Keefe, Bruyette & Woods analysts believe that universal banks will return to M&A to build scale in high-return businesses as they exit a cycle of divestitures that responded to tighter post-financial crisis regulation.
They expect JPMorgan Chase & Co. and Goldman Sachs Group Inc. to be the most active buyers. KBW noted that Goldman Sachs wants to grow revenues by $5 billion by 2020 and that the company has made deals in the financial technology and investment management spaces.
KBW also believes that JPMorgan is more likely to be an active acquirer as it seeks to increase scale in payments, wealth management and asset management.
To pursue larger deals, banks could pause share repurchase plans to fund accretive transactions, the analysts noted.
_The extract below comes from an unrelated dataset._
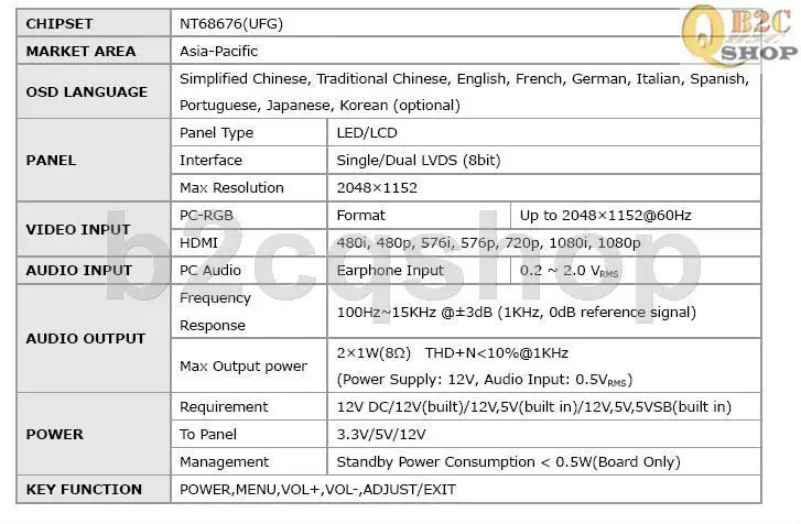 M.NT68676.2AПоддерживает управление динамической контрастностью, вход для наушников и цифровой регулятор громкости одновременно.

In 2019, KBW expects universal banks to repurchase $97 billion of shares and, in the near term, to rely on share repurchase for earnings growth. But over the long term — beyond 2019 — acquisitions could make more sense for earnings accretion, the analysts added.
The analysts wrote that Morgan Stanley and State Street Corp. have an "average" probability of ramping up M&A activity, while Wells Fargo & Co., Citigroup Inc. and Bank of New York Mellon Corp. have a "low" probability. Bank of America Corp. has a "very low" chance of doing a large deal in the near to medium term, the analysts wrote.